When they deserve it, we don't hesitate to criticize either NAB, CTIA or FCC.


Prison Jamming Issue

Some Spectrum Policy Issues Are Not Economic But Really Life or Death Ones

I recall that during the last few years of my tenure at the FCC's Office of Engineering and Technology there was a major flap between OET and another major FCC bureau/office when a senior OET front office staffer said to the deputy chief of that organization during a discussion about a spectrum policy issue , "I don't see why you think this is so important, all we are doing here is economic regulation". (The person who said this no longer works at FCC, although this statement was not the direct cause.) The person from the other bureau/office was furious at this remark and it took a major management effort to deescalate the inter-organizational awkwardness after this exchange.

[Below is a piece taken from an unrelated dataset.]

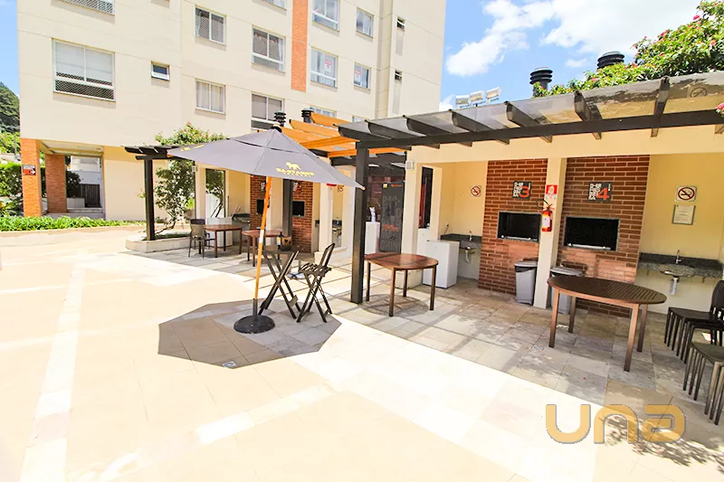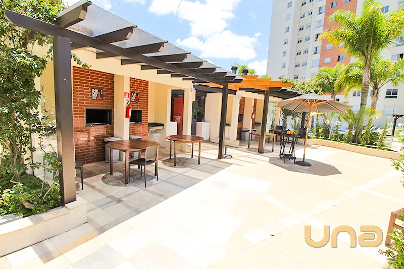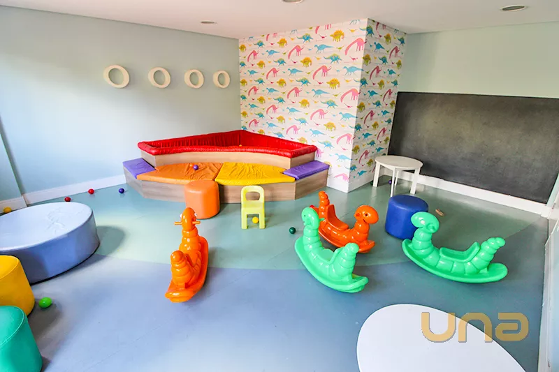 Condomínio com salão de festas, playground, quiosque com churrasqueira, piscina, cancha.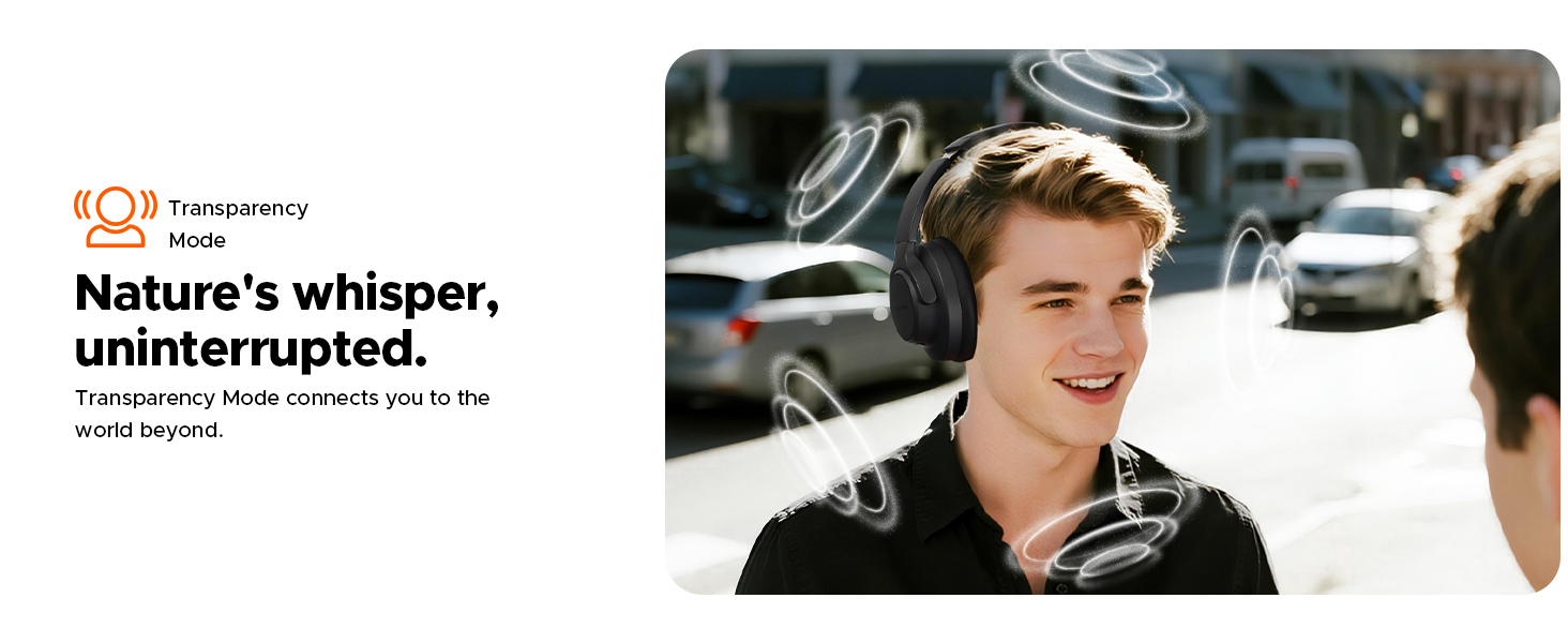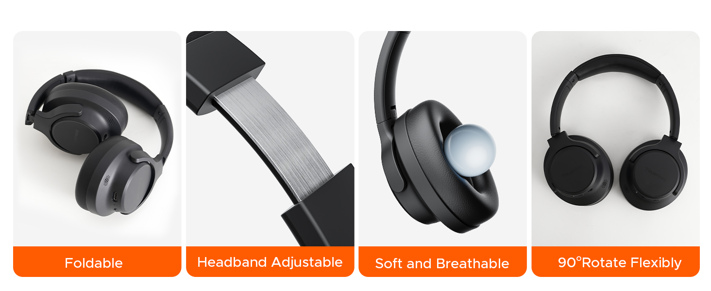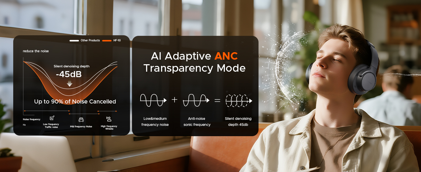 【Active Noise Cancelling (ANC) with Transparent Mode】 Experience unparalleled quiet with advanced Active Noise Cancelling (ANC) technology that blocks up to 90% of ambient noise.Switch to Transparent Mode to hear surroundings clearly—ideal for travel announcements or conversations without removing your headphones.

But the statement was a learning experience.
Much of what FCC does is really "economic regulation":
  • it affects how much income licensees and regulated entities such as carriers can earn,
  • it affects the division of spectrum among industries which indirectly affects their profitability,
  • it deals with who can own certain types of licenses and how many of those licenses they can own,
  • it affect inter service interference which also affect profitability, etc.
But without try to be overdramatic, there are also some spectrum policy decisions at FCC literally affect matters of life or death. The original purposes of the Commission are give in § 1 of the Communications Act:

For the purpose of regulating interstate and foreign commerce in communication by wire and radio so as to make available, so far as possible, to all the people of the United States, without discrimination on the basis of race, color, religion, national origin, or sex, a rapid, efficient, Nation-wide, and world-wide wire and radio communication service with adequate facilities at reasonable charges, for the purpose of the national defense, for the purpose of promoting safety of life and property through the use of wire and radio communications, and for the purpose of securing a more effective execution of this policy by centralizing authority heretofore granted by law to several agencies and by granting additional authority with respect to interstate and foreign commerce in wire and radio communication, there is created a commission to be known as the "Federal Communications Commission", which shall be constituted as hereinafter provided, and which shall execute and enforce the provisions of this chapter.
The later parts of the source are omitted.